I prayed and prayed, then waited for 18 months to become pregnant with my daugther, Ella Rae. After having my son, Conner Jaycob (who's first year of life was a nightmare), I decided I did not want him to be an only child as I had.
After 1 surgery, and 5 months of Clomid therapy, I had given up hope. I was jealous of women around me who got pregnant so easily, and I found myself focusing more on that, than what I should be thankful for, which was my amazing husband and adorable son.
On the day we arrived in North Carolina (by way of Southern California), I discovered I was pregnant. This came after an intense trip across the country, uprooting our family for a better life, and 3 months after watching my mother die of breast cancer. I felt alone and scared.
It was a horrible pregnancy. I bled frequently in the beginning, had severe migraines and vomited constantly, was diagnosed with placenta previa and then went into labor at 32 weeks. I was hospitalized and put on Magnesium (which is a fate I wouldn't wish upon my worst enemy), not once, but two seperate times. Both times, I prayed for death. I was angry with God and told him that if he was ready to take her from me, NOW was the time. If I gave birth to this child, and she became part of our lives completely, He was not allowed to take her away.
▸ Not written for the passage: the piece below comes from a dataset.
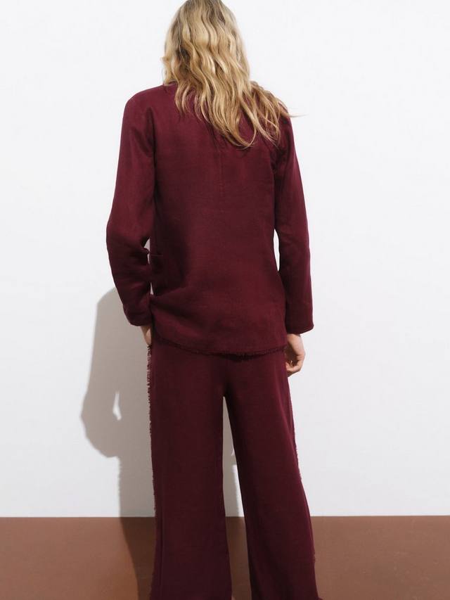 Этот однобортный пиджак привнесет четкие линии и элегантные пуговицы в ваш образ, сохраняя ощущение прохлады и уверенности. Изготовлен из льна с бахромой по низу для комфорта и удобства. Носите с подходящими брюками.
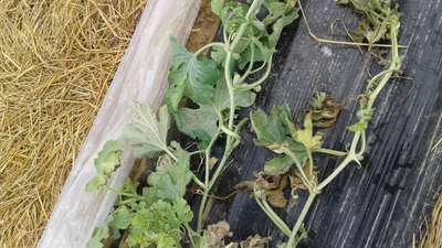 الجو كان ممطر ثم حرر ثم رياح شديدة وانا قفلت المشمع البلاستيك علي البطيخ فتره وبعد كدة بقي بالحاله دي اية الحل افيدوني

Needless to say, she came into this world, and we fell utterly in love with her. She has been a true miracle in our lives.
I have always felt like something might be "wrong" and have always had this intense fear that she would be taken from us too soon. Have I showed her more love and affection than our 4yo son? Probably. Is this a result of wanting her for so long? Probably. Do I feel incredibly guilty about this?? ABSOLUTELY.
As it turns out, I have been to more specialists with this child than I had been with my firstborn, and I never thought that would be possible!
I constantly question why I am put to these feats of strength. What do I have to prove? How much must I go through before I have a total meltdown and am of no use to my children or husband??